What the exercise asks: From the records that follow, return exactly the lines beginning at the one that contains "Comprar Vention-cargador inalámbrico" and ending at the one that contains "Міні-статуя Свободи в", pictures left out.

START Supplied entries

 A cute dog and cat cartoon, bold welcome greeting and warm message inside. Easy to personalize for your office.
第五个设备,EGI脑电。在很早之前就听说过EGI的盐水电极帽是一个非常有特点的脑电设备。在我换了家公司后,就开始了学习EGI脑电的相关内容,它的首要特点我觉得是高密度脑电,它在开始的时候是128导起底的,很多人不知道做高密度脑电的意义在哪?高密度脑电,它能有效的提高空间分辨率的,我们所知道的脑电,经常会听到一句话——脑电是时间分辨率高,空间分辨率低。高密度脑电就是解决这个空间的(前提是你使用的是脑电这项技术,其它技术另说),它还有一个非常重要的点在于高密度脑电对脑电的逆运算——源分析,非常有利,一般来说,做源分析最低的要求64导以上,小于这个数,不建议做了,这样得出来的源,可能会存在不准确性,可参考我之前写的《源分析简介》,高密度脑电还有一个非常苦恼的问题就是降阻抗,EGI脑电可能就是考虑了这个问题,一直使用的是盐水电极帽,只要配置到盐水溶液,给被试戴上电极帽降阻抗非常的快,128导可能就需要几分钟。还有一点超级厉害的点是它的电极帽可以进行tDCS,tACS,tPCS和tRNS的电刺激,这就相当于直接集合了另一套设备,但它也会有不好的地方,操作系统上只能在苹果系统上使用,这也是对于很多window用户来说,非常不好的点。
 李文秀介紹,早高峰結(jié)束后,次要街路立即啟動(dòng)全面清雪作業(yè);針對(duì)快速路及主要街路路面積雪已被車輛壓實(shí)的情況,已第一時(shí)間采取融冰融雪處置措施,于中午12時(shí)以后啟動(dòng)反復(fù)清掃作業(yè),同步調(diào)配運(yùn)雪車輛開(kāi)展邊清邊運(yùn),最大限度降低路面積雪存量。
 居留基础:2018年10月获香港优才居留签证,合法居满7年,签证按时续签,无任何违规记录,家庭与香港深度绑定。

END Supplied entries
START Supplied entries

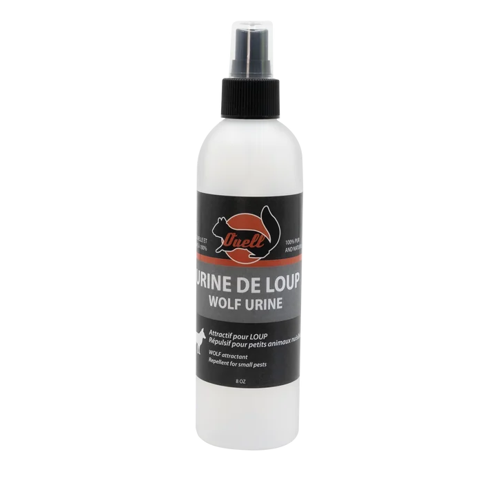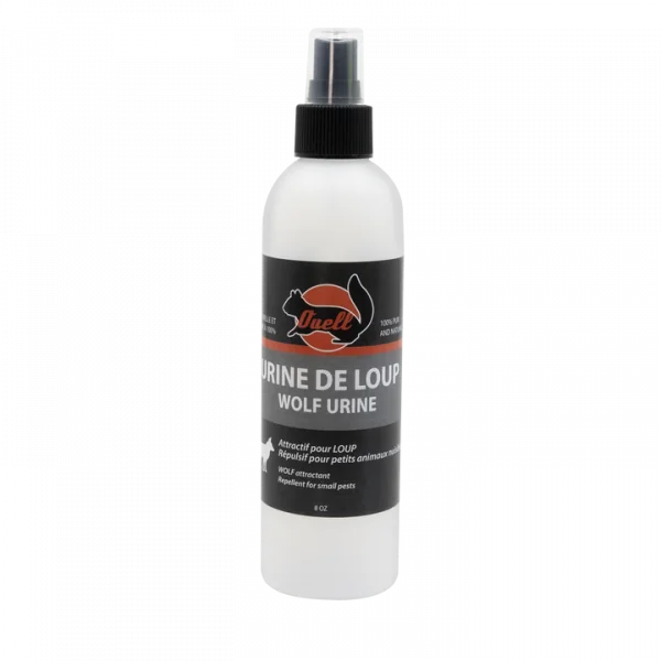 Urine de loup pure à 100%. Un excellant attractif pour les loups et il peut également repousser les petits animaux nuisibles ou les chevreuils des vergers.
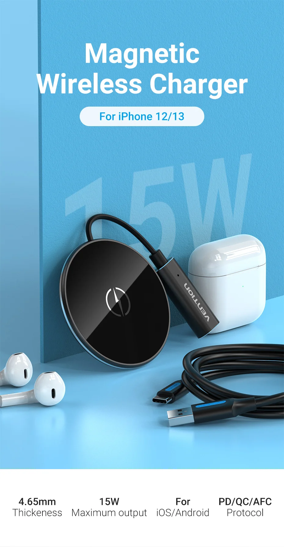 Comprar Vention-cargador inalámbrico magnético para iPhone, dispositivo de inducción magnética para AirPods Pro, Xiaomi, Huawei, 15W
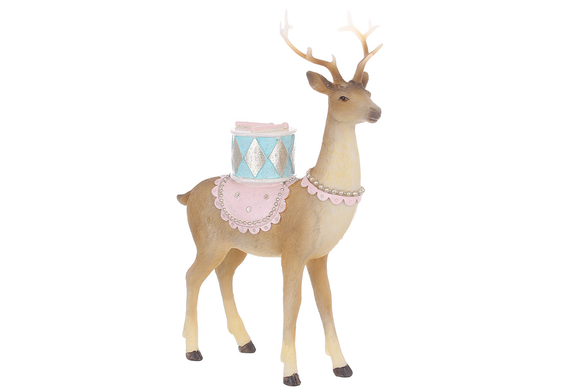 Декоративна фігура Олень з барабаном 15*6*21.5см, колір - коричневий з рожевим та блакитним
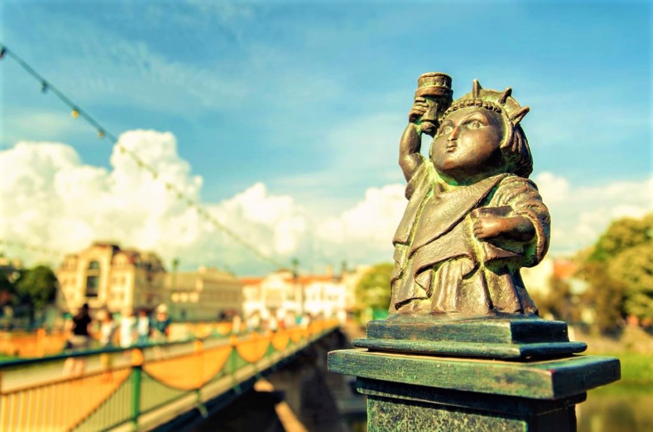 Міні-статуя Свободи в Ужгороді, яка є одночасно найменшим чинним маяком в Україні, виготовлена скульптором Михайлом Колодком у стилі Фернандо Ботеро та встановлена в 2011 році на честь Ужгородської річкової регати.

END Supplied entries

Answer box:
 Comprar Vention-cargador inalámbrico magnético para iPhone, dispositivo de inducción magnética para AirPods Pro, Xiaomi, Huawei, 15W
 Декоративна фігура Олень з барабаном 15*6*21.5см, колір - коричневий з рожевим та блакитним
 Міні-статуя Свободи в Ужгороді, яка є одночасно найменшим чинним маяком в Україні, виготовлена скульптором Михайлом Колодком у стилі Фернандо Ботеро та встановлена в 2011 році на честь Ужгородської річкової регати.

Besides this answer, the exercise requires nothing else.